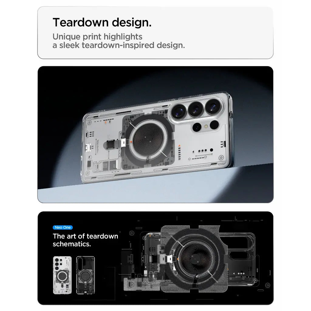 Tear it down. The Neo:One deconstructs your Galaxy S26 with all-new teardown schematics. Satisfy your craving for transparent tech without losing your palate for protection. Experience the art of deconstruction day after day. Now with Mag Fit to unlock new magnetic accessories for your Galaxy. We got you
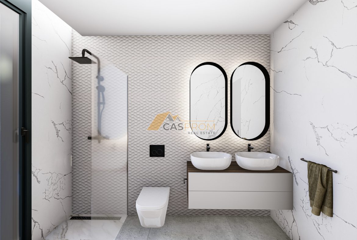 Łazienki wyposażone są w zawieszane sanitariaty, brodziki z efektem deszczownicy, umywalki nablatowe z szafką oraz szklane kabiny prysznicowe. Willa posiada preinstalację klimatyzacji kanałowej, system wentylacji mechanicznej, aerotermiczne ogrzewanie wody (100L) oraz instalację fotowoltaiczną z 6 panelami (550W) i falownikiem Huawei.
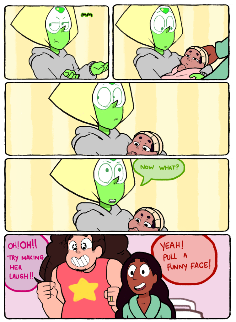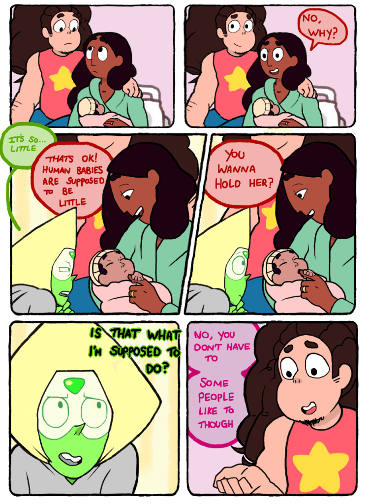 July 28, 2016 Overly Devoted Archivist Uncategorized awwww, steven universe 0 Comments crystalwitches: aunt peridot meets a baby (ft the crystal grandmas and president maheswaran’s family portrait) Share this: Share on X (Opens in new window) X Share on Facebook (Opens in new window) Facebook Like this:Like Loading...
◆ ◆ ◆ ◆ ◆ ◆ ◆
Exercise description
Reproduce the material word for word, but without its images.

Answer to this problem
 Tear it down. The Neo:One deconstructs your Galaxy S26 with all-new teardown schematics. Satisfy your craving for transparent tech without losing your palate for protection. Experience the art of deconstruction day after day. Now with Mag Fit to unlock new magnetic accessories for your Galaxy. We got you
 Łazienki wyposażone są w zawieszane sanitariaty, brodziki z efektem deszczownicy, umywalki nablatowe z szafką oraz szklane kabiny prysznicowe. Willa posiada preinstalację klimatyzacji kanałowej, system wentylacji mechanicznej, aerotermiczne ogrzewanie wody (100L) oraz instalację fotowoltaiczną z 6 panelami (550W) i falownikiem Huawei.
 July 28, 2016 Overly Devoted Archivist Uncategorized awwww, steven universe 0 Comments crystalwitches: aunt peridot meets a baby (ft the crystal grandmas and president maheswaran’s family portrait) Share this: Share on X (Opens in new window) X Share on Facebook (Opens in new window) Facebook Like this:Like Loading...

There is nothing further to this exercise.